Rénovation PLC Pont Roulant : 5 Étapes & ROI

Rénovation d’un pont roulant par PLC : est-ce rentable ? Comparatif relais vs PLC en 5 étapes et calcul du retour sur investissement

Le passage d’une commande par relais à un automate programmable industriel (API) sur un pont roulant réduit le temps de réponse aux défauts de 30 minutes à moins de 60 secondes, diminue les points de câblage de 70 à 80 % et fait passer les coûts de maintenance annuels d’environ 36 000 € à 8 000 €. Pour un pont roulant de 32 t, l’investissement total d’une rénovation avec S7-1500 se situe entre 40 000 € et 80 000 €, avec un retour sur investissement de 1,5 à 3 ans. Après rénovation, le pont prend en charge la communication PROFINET, le diagnostic à distance et le niveau de sécurité SIL3.

Le pont roulant est l’équipement de manutention le plus critique de l’atelier. De nombreux ponts roulants mis en service avant 2010 fonctionnent encore avec une commande par relais-contacteurs : l’armoire de commande est densément peuplée de dizaines de relais intermédiaires, de relais temporisés et de contacteurs, reliés par câblage filaire pour assurer l’interverrouillage logique. Chaque adaptation du processus de production ou ajout d’un verrouillage de sécurité oblige l’électricien à modifier le câblage et remplacer des relais dans l’armoire — une opération longue qui laisse souvent des défauts latents.

Cet article s’appuie sur la norme ISO 4301 (ex-ISO 4301 / FEM 1.001) et la norme IEC 61131-3 relative à la programmation des automates. Nous comparons systématiquement la commande par relais et la commande par PLC selon cinq axes — diagnostic de panne, complexité du câblage, modification de la logique, fonctions de sécurité et coûts d’exploitation — puis proposons des solutions de choix d’API par classe de charge et un calcul détaillé des coûts de rénovation.

Comparatif rénovation PLC pont roulant relais

Pourquoi rénover une armoire de commande à relais obsolète

L’armoire de commande à relais d’un pont roulant traditionnel repose sur une logique « câblage filaire + relais électromagnétiques ». L’interverrouillage montée/descente du mécanisme de levage, les fins de course du pont du pont roulant et le circuit d’arrêt d’urgence sont tous réalisés par des contacts de relais montés en série ou en parallèle. Cette solution était la norme il y a vingt ans, mais avec l’âge des équipements, plusieurs problèmes majeurs apparaissent.

Le premier problème est la difficulté de localisation des défauts.
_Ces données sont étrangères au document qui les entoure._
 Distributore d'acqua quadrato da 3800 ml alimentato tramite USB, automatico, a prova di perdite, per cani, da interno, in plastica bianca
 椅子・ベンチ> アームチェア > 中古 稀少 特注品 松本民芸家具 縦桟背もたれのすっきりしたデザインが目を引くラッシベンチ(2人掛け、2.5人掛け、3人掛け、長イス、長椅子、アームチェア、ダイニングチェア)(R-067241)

Un système à relais ne dispose d’aucune fonction de diagnostic. Lorsque l’équipement s’arrête soudainement, l’électricien doit procéder par élimination — quel contact de relais est brûlé ? Quel fil s’est desserré ? Quelle fin de course est bloquée ? Le temps moyen de recherche de panne dépasse 30 minutes, et si le défaut survient de nuit avec un électricien peu expérimenté, un arrêt d’une demi-journée est courant.
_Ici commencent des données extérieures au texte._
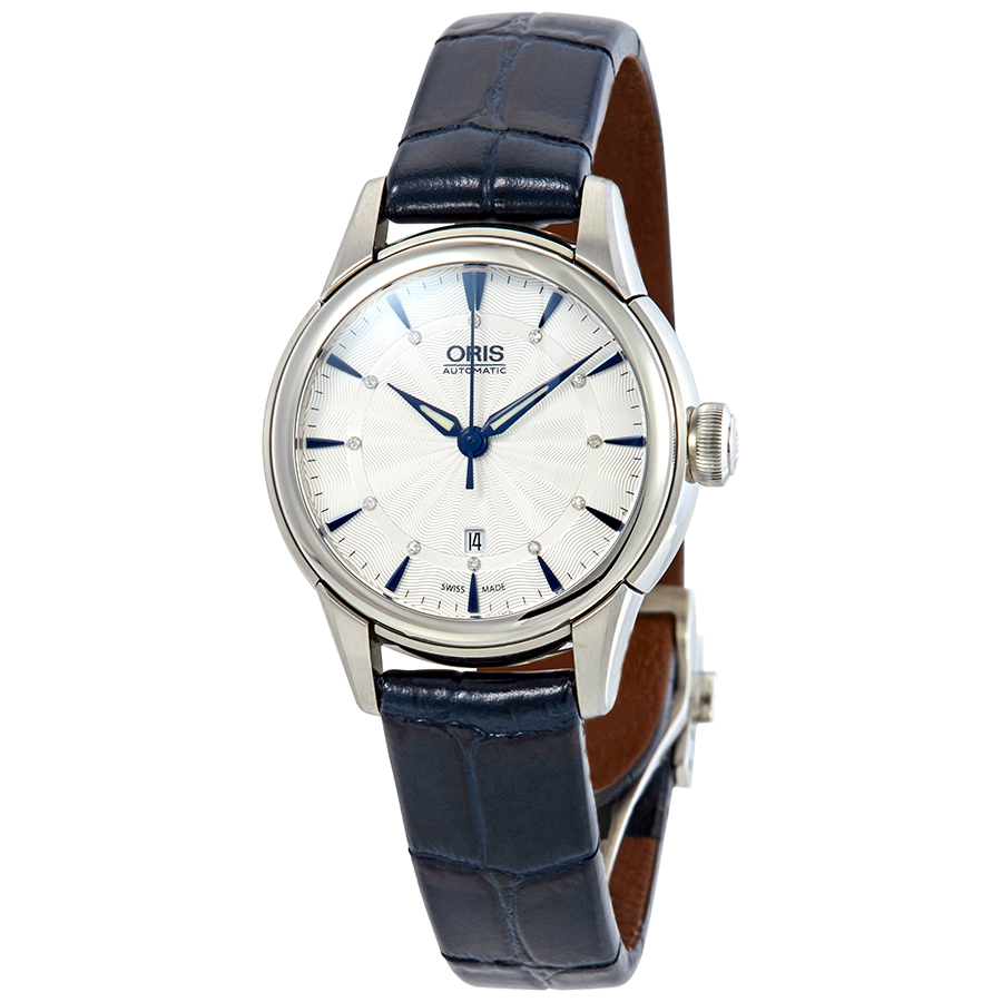 Stainless steel case with a dark blue leather strap. Fixed stainless steel bezel. Silver dial with blue hands and diamond-tipped index hour markers. Minute markers around the outer rim. Dial Type: Analog. Luminescent hands. Date display at the 6 o'clock position. Oris calibre 561, base ETA 2671 utomatic movement, based upon ETA 2671, containing 25 Jewels, bitting at 28800 vph, and has a power reserve of approximately 38 hours. Scratch resistant sapphire crystal. Push / pull crown. Transparent case back. Round case shape. Case size: 31 mm. Band width: 14 mm. Fold over clasp with a safety release. Water resistant at 50 meters / 165 feet. Functions: date, hour, minute, second. Casual watch style. Watch label: Swiss Made. Item Variations: 01 561 7687 4031-07 5 14 75FC. Oris Artelier Automatic Silver Diamond Dial Ladies Watch 561-7687-4031LS.

Le deuxième problème est l’absence de flexibilité de la logique. Lorsqu’une adaptation de la ligne de production nécessite de modifier la limite de hauteur de levage ou d’ajouter un nouveau verrouillage de sécurité, il faut physiquement modifier le câblage. Chaque condition d’interverrouillage supplémentaire implique l’ajout d’un relais intermédiaire et d’une douzaine de conducteurs — l’armoire devient de plus en plus encombrante.

Le troisième problème est l’accumulation de risques de sécurité. Les contacts des relais se dégradent progressivement par l’ouverture et la fermeture fréquentes : la résistance de contact augmente, provoquant échauffement voire soudure des contacts. Conformément au règlement TSG 51 — Règlement technique de sécurité des équipements spéciaux, les dispositifs de protection de sécurité des appareils de levage doivent faire l’objet d’une inspection périodique. Or, les défauts latents d’un système à relais — comme une résistance de contact qui passe de moins de 50 mΩ à plus de 500 mΩ — sont très difficiles à détecter lors d’une inspection de routine.

Relais vs PLC : comparaison technique sur cinq axes

Le PLC ne se contente pas de « remplacer » les relais — il transforme fondamentalement l’architecture électrique du pont roulant. Voici une analyse détaillée des différences techniques selon cinq dimensions.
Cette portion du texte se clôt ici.